MaxScale assumes the topology is all MariaDB, and all slaves are using (MariaDB) GTID replication. Well, MaxScale does not actually assumes that. It is assumed so by the MariaDB Replication Manager which MaxScale invokes. But I’m getting ahead of myself here.

Topology detection

MaxScale does not recognize the master by configuration but rather by state. It observes the servers it should observe, and concludes which is the master.

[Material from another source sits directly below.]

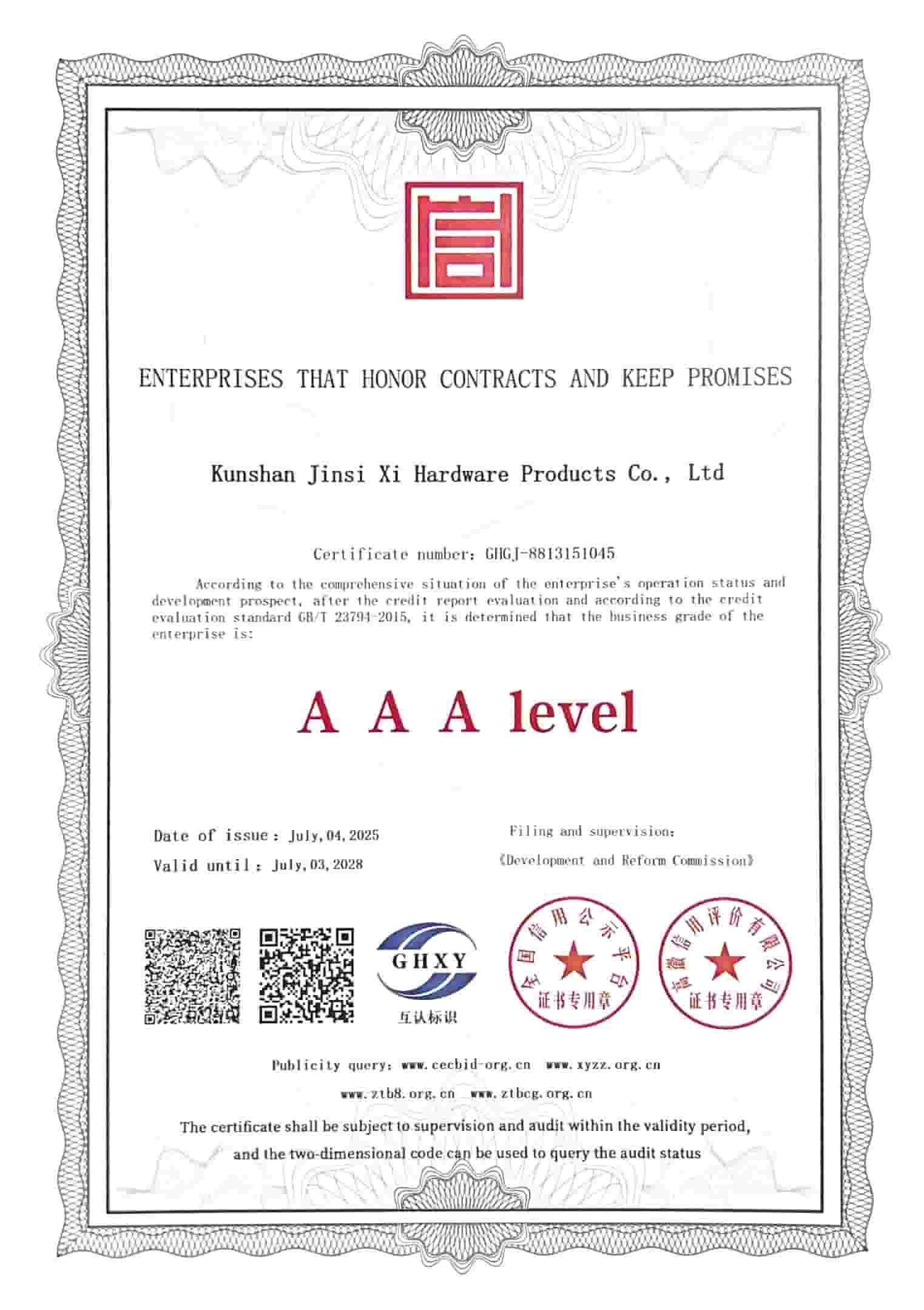 KunshanJINSIXISpolečnost Metalware Co., Ltd. byla oficiálně oceněna titulem „Podniky na úrovni AAA, které dodržují smlouvy a dodržují sliby“. JINSIXI se vždy drželo obchodní filozofie „jednota a spolupráce, pečlivost, snaha o dokonalost a dokonalost“, fungovalo bezúhonně, poskytovalo zákazníkům vysoce kvalitní služby a nakonec dosáhlo „dokonalého naplnění“.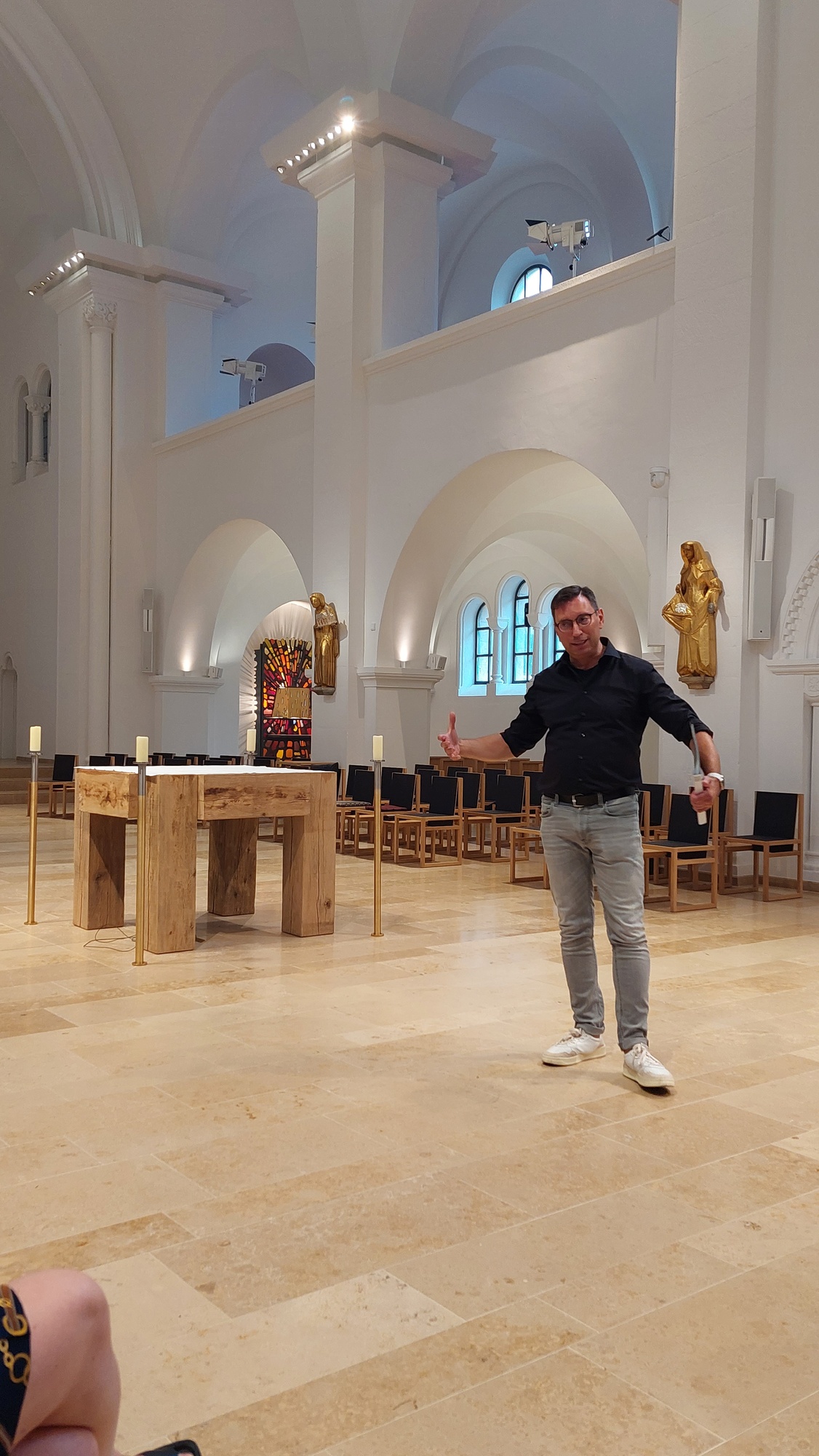 Am Nachmittag lud die Generaloberin der Schwestern des Erlösers, Sr. Monika Edinger, zu einem Rundgang durch das neu gestaltete Kloster in der Würzburger Innenstadt ein. Gemeinsam mit Prof. Dr. Martin Stuflesser gab sie einen Einblick in den Zukunftsprozess ihrer Schwesterngemeinschaft, welcher u.a. zu einer Öffnung des Klostergeländes geführt hat. Durch den Umzug der Katholisch-Theologischen Fakultät der Universität Würzburg, das neu eröffnete Cafe Mares, einer Mitmach-Ausstellung über den Orden, die sozial-caritativen Angebote, die Theresienklinik und die neu gestaltete Mutterhauskirche mit neuen Gottesdienstformen haben die Erlöserschwestern ihre Pforten weit geöffnet. Gerade mitten in der quirligen Würzburger Innenstadt hofft man, dass das Klosterareal als Ort der Ruhe, Erholung, Gemeinschaft und geistlichen Stärkung entdeckt wird. Ähnlich wie bei den aktuellen Herausforderungen im Bistum Würzburg hätten sich die Schwestern auf einen längeren Weg des Diskutierens, Nachdenkens, Ausprobierens, aufeinander Hörens und Betens gemacht, so Edinger und Stuflesser. Angesichts der großen Dimension dieses Prozesses blieben auch Konflikte nicht aus. „Als wir gemeinsam mit allen Schwestern die Entscheidung getroffen haben, als Erlöserschwestern hier im Würzburger Kloster zu bleiben war klar, dass das kein einfacher Weg wird. Es war schon gewaltig, was sich unsere Schwestern selbst abverlangt haben.“, berichtete Generaloberin Sr. Monika Edinger. Die Vertreter des Diözesanrates zeigten sich tief beeindruckt und konnten viele Parallelen zu den Veränderungsprozessen in ihren Gemeinden vor Ort entdecken. Der Klosterbesuch endete mit einem feierlichen Abendgebet in der neu gestalteten Mutterhauskirche.

I’m using similar approach in orchestrator. I maintain that this approach works well and opens the Chakras for complex recovery options.

Upon failure detection

When MaxScale detects failure, it invokes external scripts to fix the problem. There are some similar and different particulars here as compared to orchestrator, and I will explain what’s wrong with the MaxScale approach:

  • Although MaxScale observes the topology and understands who is the master and who isn’t, the executed scripts do not. They need to re-discover everything by themselves.
  • This implies the scripts start without memory of “what was last observed”. This is one of the greatest strengths of orchestrator: it knows what the state was just before the failure, and, having the bigger picture, can make informed decisions.
    • As a nasty example, what do you do when some the first tier slaves also happen to be inaccessible at that time? What if one of those happens to further have slaves of its own?
  • The MariaDB Replication Manager script (to be referenced as repmgr) assumes all instances to be MariaDB with GTID.
    • It is also implied that all my slaves are configured with binary logs & log-slave-updates
    • That’s way too restrictive.
      • Orchestrator handles all following topologies: Oracle MySQL with/out GTID, MariaDB with/out GTID, MariaDB hybrid GTID & non-GTID replication, Pseudo-GTID (MySQL and/or MariaDB), hybrid normal & binlog servers topologies, slaves with/out log-slave-updates, hybrid Oracle & MariaDB & Binlog Servers & Pseudo-GTID.
  • repmgr is unaware of data centers & physical environments. You want failover to be as local to your datacenters as possible. Avoid too many cross-DC replication streams.

Failover invocation

MaxScale invokes the failover scripts asynchronously. This is a major flaw imho, as the decoupling between the monitoring and acting processes leads to further problems, see further.

After failover

MaxScale continuously scans the topology and observes that some other server has been promoted. This behavior is similar to orchestrator’s. But the following differences are noteworthy:

  • Because of both the decoupling as well as the asynchronous invocation by MaxScale, it doesn’t really have any idea if and how the promotion resolved.
  • I don’t know that there’s any anti-flapping mechanism, nor that there could be. If MaxScale doesn’t care what happened to the failover script, it shouldn’t be able to keep up with flapping scenarios.
  • Nor is there a minimal suspend period between any two failure recoveries, that I know of. MaxScale can actually have easier life than orchestrator in this regard as it is (I suspect) strictly associated with a topology. Not like there’s a single MaxScale handling multiple topologies. So it should be very easy to keep track of failures.
  • Or, if there is a minimal period and I’m just uninformed — what makes sure it is not smaller than the time it takes for the failover?

Further on failover

I wish to point out that one component of the system analyses a failure scenario, and another one fixes it. I suggest this is an undesired design. The “fixer” must have its own ability to diagnose problems as it makes progress (or else it is naive and would fail in many production cases). And the “analyzer” part must have some wisdom of its own so as to suggest course of action; or understand the consequences of the recovery done by the “fixer”.

Use of shell scripts

Generally speaking, the use of shell scripts as external hooks is evil:

  • Shell scripts tend to be poorly audited
  • With poor clarity as for what went wrong
  • Killing them has operational difficulty (detect the shell script, find possible children, detached children)
  • The approach of “if you want something else, just write a shell script for it” is nice for some things, but as the problem turns complex, you turn out to just write big parts of the solution in shell. This decouples your code to unwanted degree.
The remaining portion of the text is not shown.